Supplied information |
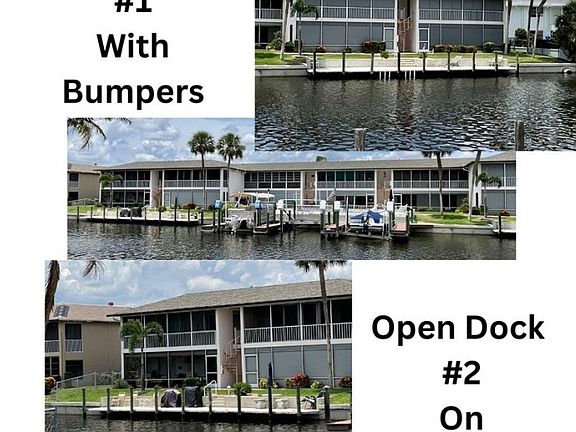 Welcome home to this gulf access condo on the 93ft wide Malaga Canal. Only 2 bridges by boat to the river. It is nicely updated with new kitchen, new bathes, impact windows and front entry door, electric roll down shutters on the lanai. There is a new roof going on now! A/C was new in 2017, replumbed in 2016, Electric panel updated in 2019. There are 6 ceiling fans. This condo is light bright and airy. Just steps from the pool where you will relax and enjoy the sun and boat traffic. There are two cantilever docks to choose form, one with rubber bumpers in place, covered parking and extra storage. Laundry is in the unit. Sit back on the screened lanai and enjoy lunch, dinner and a cocktail with friends. Water is included on the quarterly fee. Sorry no pets are allowed unless it is a service pet. 55+ community. You can rent for a max 4 months once per year. Easy walk or bike to everything downtown Cape has to offer. Don't miss out on this one! There is so much happening in the area! Great Condo in a great location.
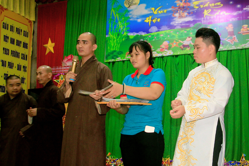 Tại đêm hội Phật tử Cẩm Ly tuyên bố lý do ”Vui Hội Trăng Rằm” năm 2018. Tiếp theo đó, Đại Đức Thích Giác Huệ phát biểu khai mạc chương trình văn nghệ chào đón các cháu thiếu nhi và có những lời chúc tốt đẹp đến những các cháu. Đại Đức Thích Giác Huệ niềm nở chào đón các em, chúc các em luôn là người con ngoan trò giỏi, sống có lợi ích cho bản thân, cho gia đình và cho xã hội”.
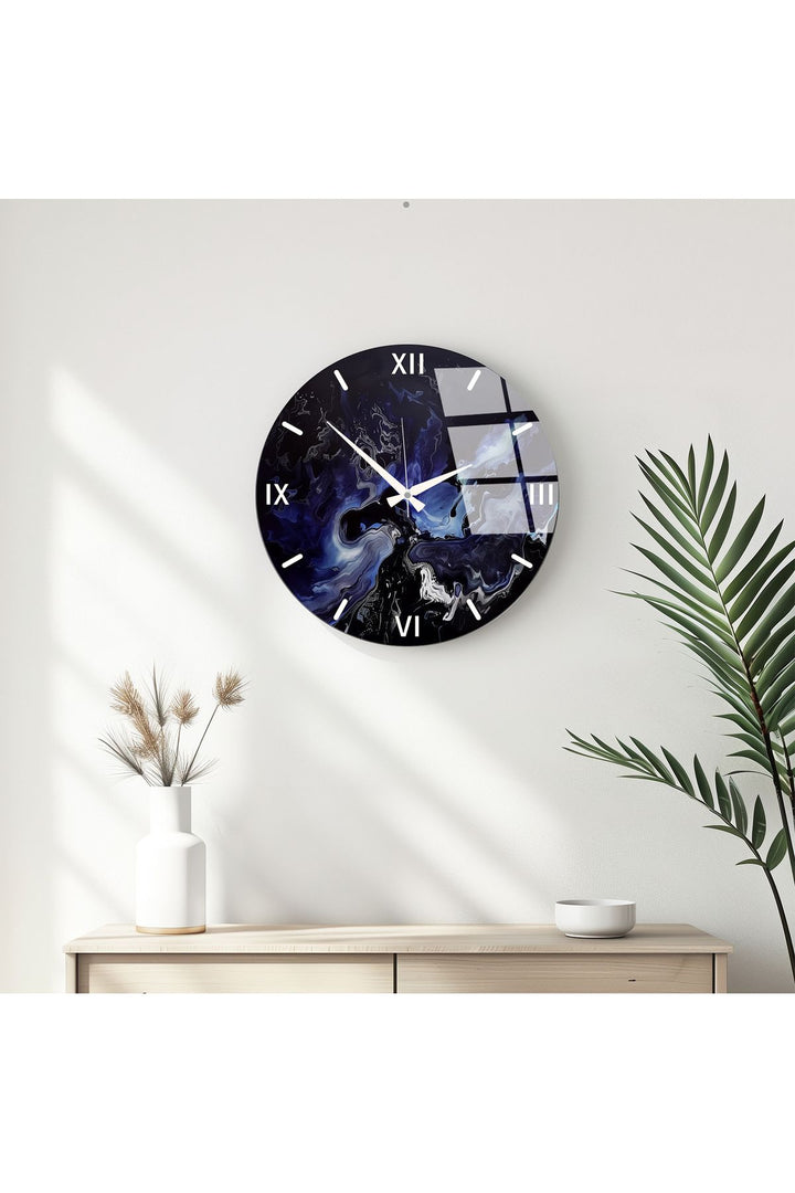 Soyut Desenli Duvar Saati - Mavi ve Siyah | Huhu344
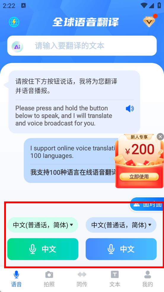 1、進(jìn)入全球語(yǔ)音翻譯界面,輸文本,或按住下方語(yǔ)音按鈕說話,松手后獲取翻譯及語(yǔ)音播報(bào)。

Task to carry out |
Output the material above verbatim but exclude each picture.

Answer space |
 Welcome home to this gulf access condo on the 93ft wide Malaga Canal. Only 2 bridges by boat to the river. It is nicely updated with new kitchen, new bathes, impact windows and front entry door, electric roll down shutters on the lanai. There is a new roof going on now! A/C was new in 2017, replumbed in 2016, Electric panel updated in 2019. There are 6 ceiling fans. This condo is light bright and airy. Just steps from the pool where you will relax and enjoy the sun and boat traffic. There are two cantilever docks to choose form, one with rubber bumpers in place, covered parking and extra storage. Laundry is in the unit. Sit back on the screened lanai and enjoy lunch, dinner and a cocktail with friends. Water is included on the quarterly fee. Sorry no pets are allowed unless it is a service pet. 55+ community. You can rent for a max 4 months once per year. Easy walk or bike to everything downtown Cape has to offer. Don't miss out on this one! There is so much happening in the area! Great Condo in a great location.
 Tại đêm hội Phật tử Cẩm Ly tuyên bố lý do ”Vui Hội Trăng Rằm” năm 2018. Tiếp theo đó, Đại Đức Thích Giác Huệ phát biểu khai mạc chương trình văn nghệ chào đón các cháu thiếu nhi và có những lời chúc tốt đẹp đến những các cháu. Đại Đức Thích Giác Huệ niềm nở chào đón các em, chúc các em luôn là người con ngoan trò giỏi, sống có lợi ích cho bản thân, cho gia đình và cho xã hội”.
 Soyut Desenli Duvar Saati - Mavi ve Siyah | Huhu344
 1、進(jìn)入全球語(yǔ)音翻譯界面,輸文本,或按住下方語(yǔ)音按鈕說話,松手后獲取翻譯及語(yǔ)音播報(bào)。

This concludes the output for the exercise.